I’m a huge fan of Nina Totenberg and the NPR Politics squad, hence picking this one up. It’s fascinating to look at the behind-the-scenes emotions and experiences of someone you admire deeply, but at many points, unsettling. I found the Politico book review by Michael Schaffer pointed to this feeling best, writing: “Totenberg’s book seems to be cast as a corrective against some national misapprehension that Washington is about nothing but bickering and partisanship. But that misunderstands why so many Americans are down on the capital. Instead, the rage stems from a conviction that the city is full of insiders who are all part of the same contented club, forever scratching one another’s backs. That’s a perception that Dinners With Ruth does absolutely nothing to dispel.”

One of the bigger “key points” in this book was the subtext that what Totenberg knew about the Justice’s health could have changed history. And it’s still upsetting to confront what many have felt: why was the fate of so many Americans’ health and safety dependent upon the mortality of a single (powerful, yes, remarkable, yes, but elderly and frail) person?

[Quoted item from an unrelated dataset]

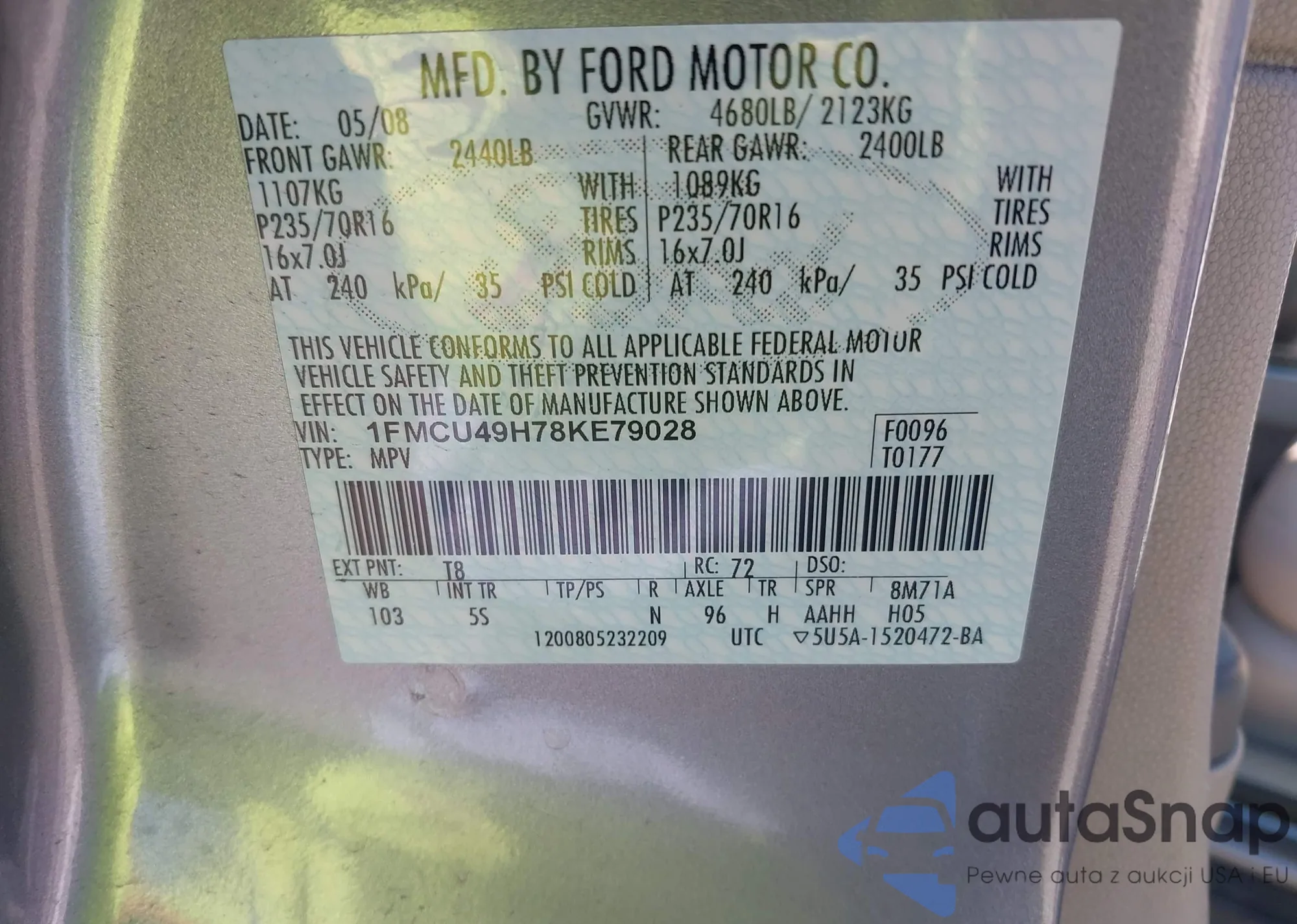 • VIN 1FMCU9G64LUC69806
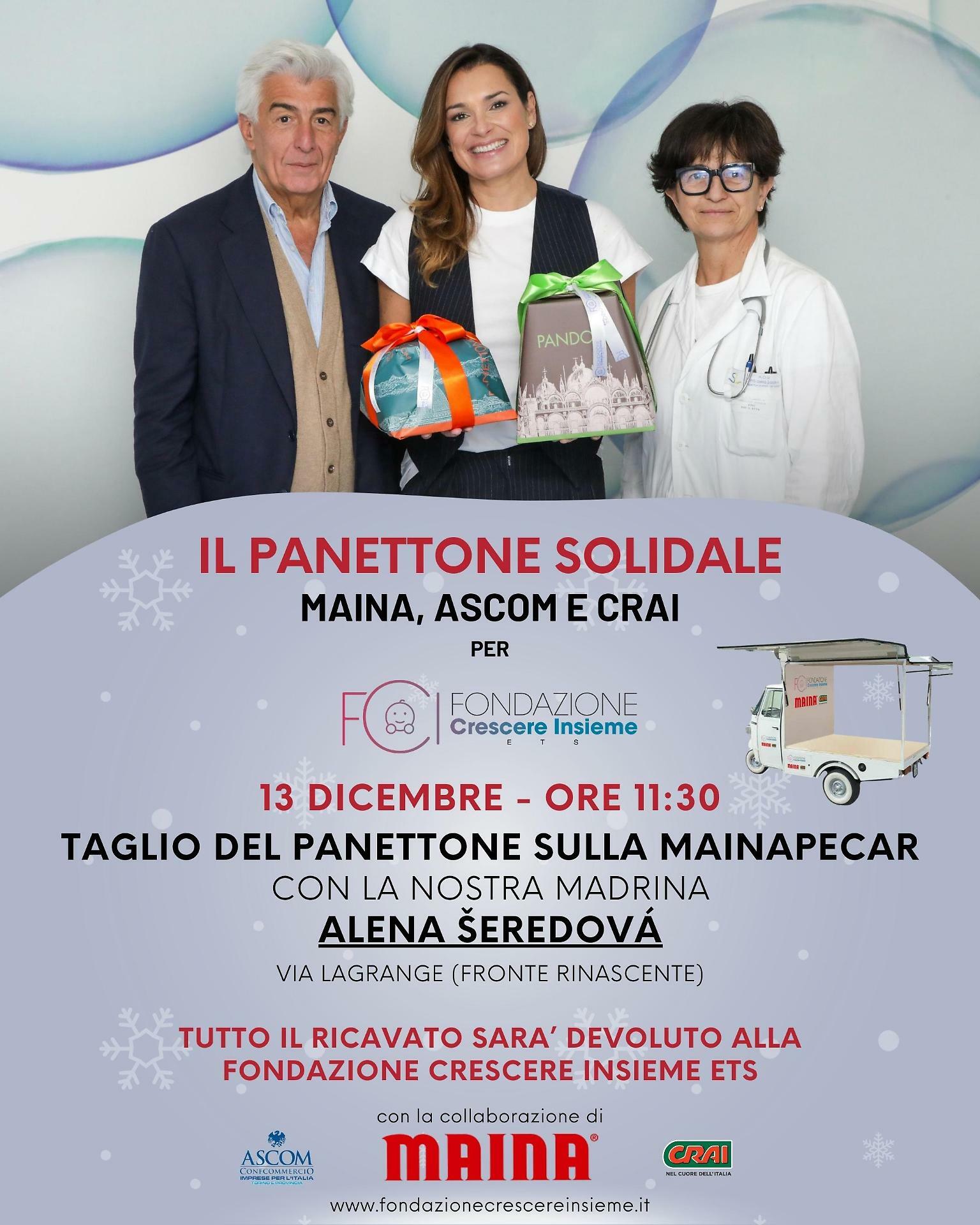 Grande festa domani, venerdì 13 dicembre, a Torino: in via Lagrange - fronte Rinascente- alle ore 11.30, Alena Seredova farà il primo taglio al mega panettone offerto da "Maina". Il ricavato sarà devoluto alla Fondazione “Crescere Insieme Onlus” per i bambini prematuri del Reparto di Terapia Intensiva Neonatale dell’Ospedale Sant’Anna di Torino.

On the level of craft, it seemed loosely organized and meandering in a way that felt like someone trying to fill space and piece things together. Which is odd considering someone who has had a remarkable life and collaborated and dined with so many remarkable people. At times, Ruth Bader Ginsburg feels like a side note. While memoirs certainly cannot contain the entirety of one’s experiences, the overall organization and what was elected to be kept made the title feel less like a memoir about a particularly powerful friendship, and more a memoir about how Totenberg worked to be at the table with powerful people.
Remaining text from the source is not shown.